Performance and scalability: High-volume integration to legacy apps from J2EE app
The application I support is a multi-tiered J2EE app using stateless session beans and course-grained, BMP entity beans. One of its requirements is the ability to be able to pull/push time-critical information up/downstream in a 'fast as possible' manner. We are quickly approaching critical mass with only 1/3 our install base.
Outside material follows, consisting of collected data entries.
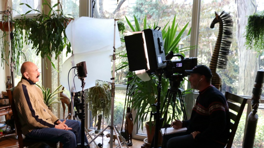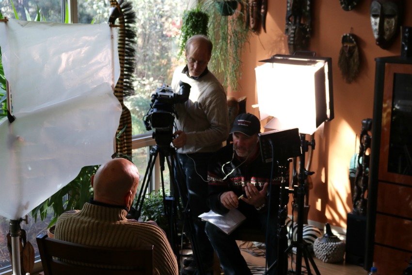 A: I wanted to hire a cameraman for this project, but they were all too expensive and I figured I was really only shooting interviews… point the camera, add a little light, and hit record. So, I did a lot of research, used Desktop Documentaries website [7-Day Documentary Crash Course], and talked with people I knew in the industry.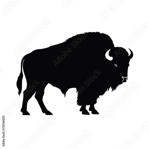 Black silhouettes of american bison. Natural panorama of forest animals. Isolated landscape. Wildlife scene. Vector illustration
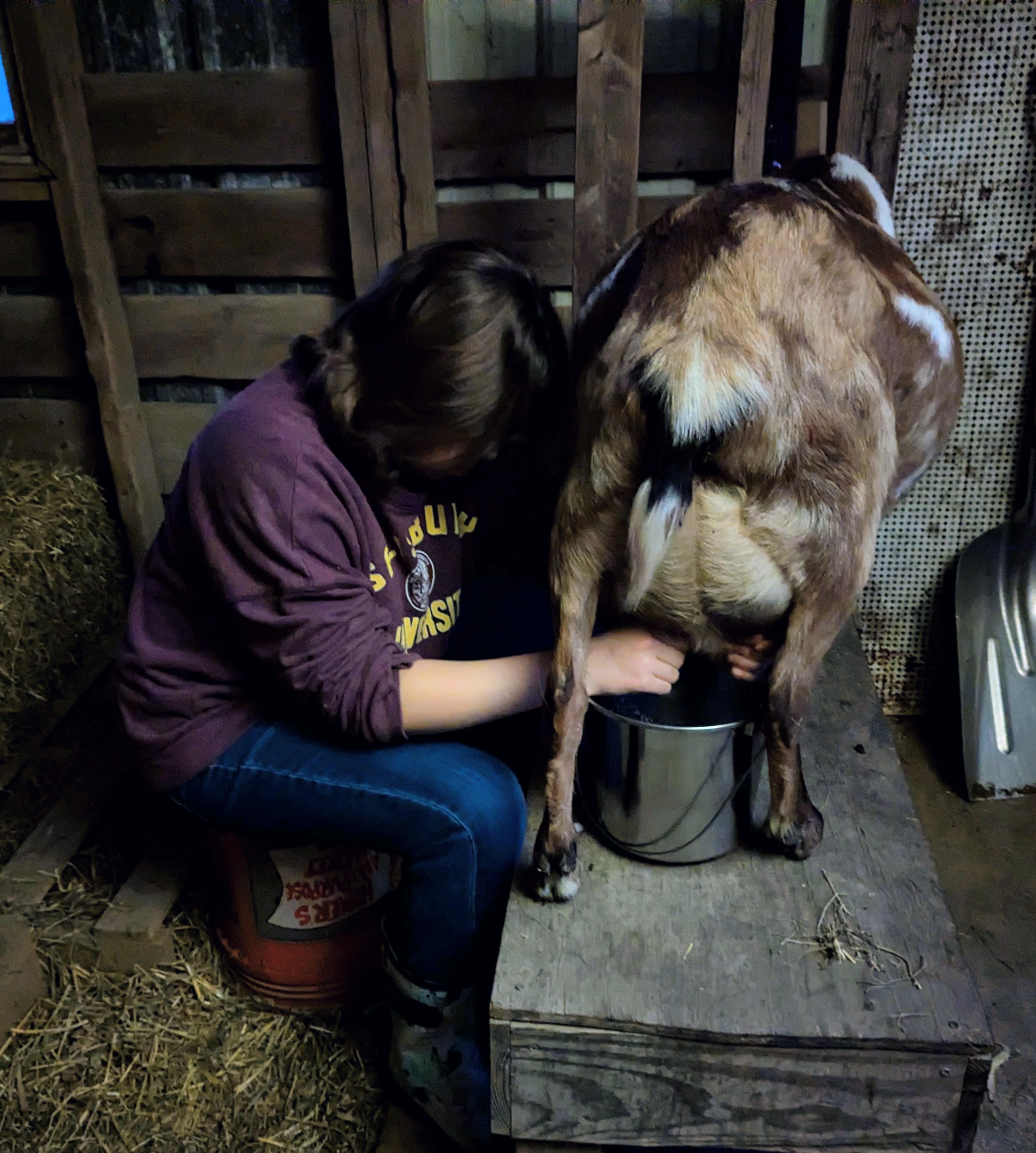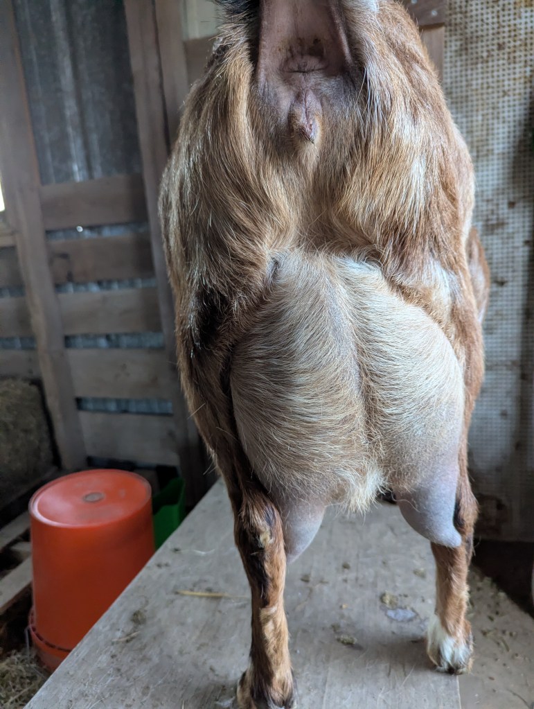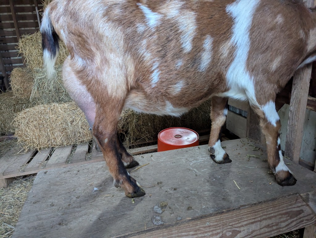 Starla is a sweet girl with a big personality and delicious milk. She is our herd mama and keeps all the younger goats in line. Starla thrives on routine–great on the milk stand as long as you keep her snack bowl filled and loves attention from her trusted people.
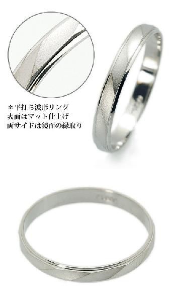 こちらのリングは、リング部分を平らに仕上げた「平打ち」仕様となり、表面は波形にして「マット(梨地、つや消し)」仕上げを施しております。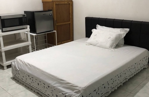 private and comfortable, peaceful , safe and secured , the studio-type room has a kitchen area, hot and cold shower, wifi internet connection, air conditioner, refrigerator, microwave oven, electric stove, electric kettle, cooking basics, queen size bed with mattress, beddings and pillows, cabinet, desk, dining table and chairs.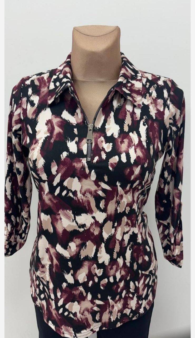 • Abstract animal-inspired pattern in rich burgundy, black, and cream tones.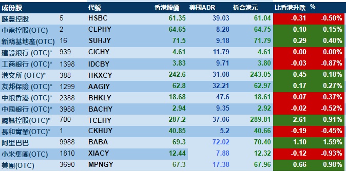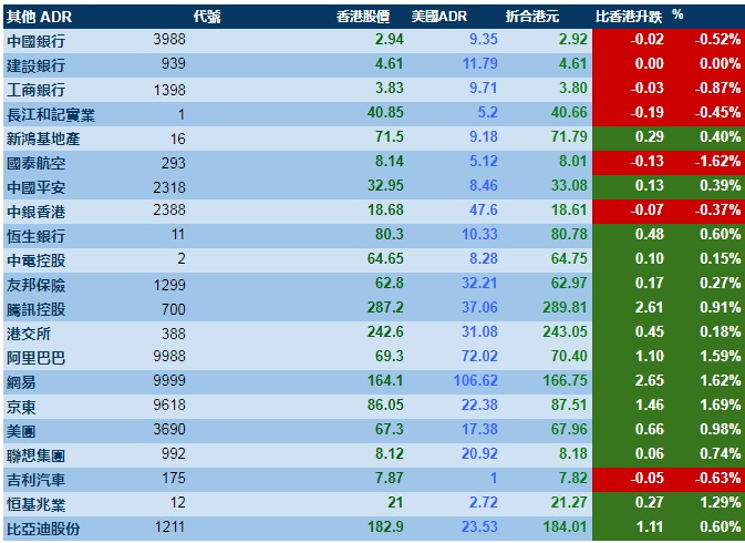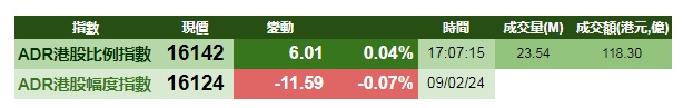 智通财经APP获悉,周五美股三大指数收涨,港股ADR指数跟随上涨,按比例计算,收报16142点,较香港收市升6.01点或0.04%。

Are there any best practices for a J2EE app such as ours?
- Posted by: Dennis Stadler
- Posted on: June 21 2004 14:38 EDT
- runs on WebSphere 4.x; J2EE 1.2; JDK 1.3
- our shell scripts executes per a timed event per interface; they're single threaded
- our shell script creates a JVM for a main routine to delegate to an EJB to execute our interface
- through experience, we've learned that we can't execute more than 4 interfaces simultaneously else our app will experience slow response times
- our app is horizontally cloned between 2 AIX servers with 2 processors per clone
- our JVM memory never goes beyond 80% utilized
Some things we are exploring...
1. multi-threading interfaces (high risk due to 4th bullet above; possible risk mitigator would be to delegate logic to a stored procedure)
2. avoid using WebSphere's connection pool and pass a dedicated connection around
3. avoid the EJB container entirely
If anyone has solved a similar problem or has seen/heard of one, I would greatly appreciate any insight to their success. Right now, J2EE is being questioned as the right technology for our problem.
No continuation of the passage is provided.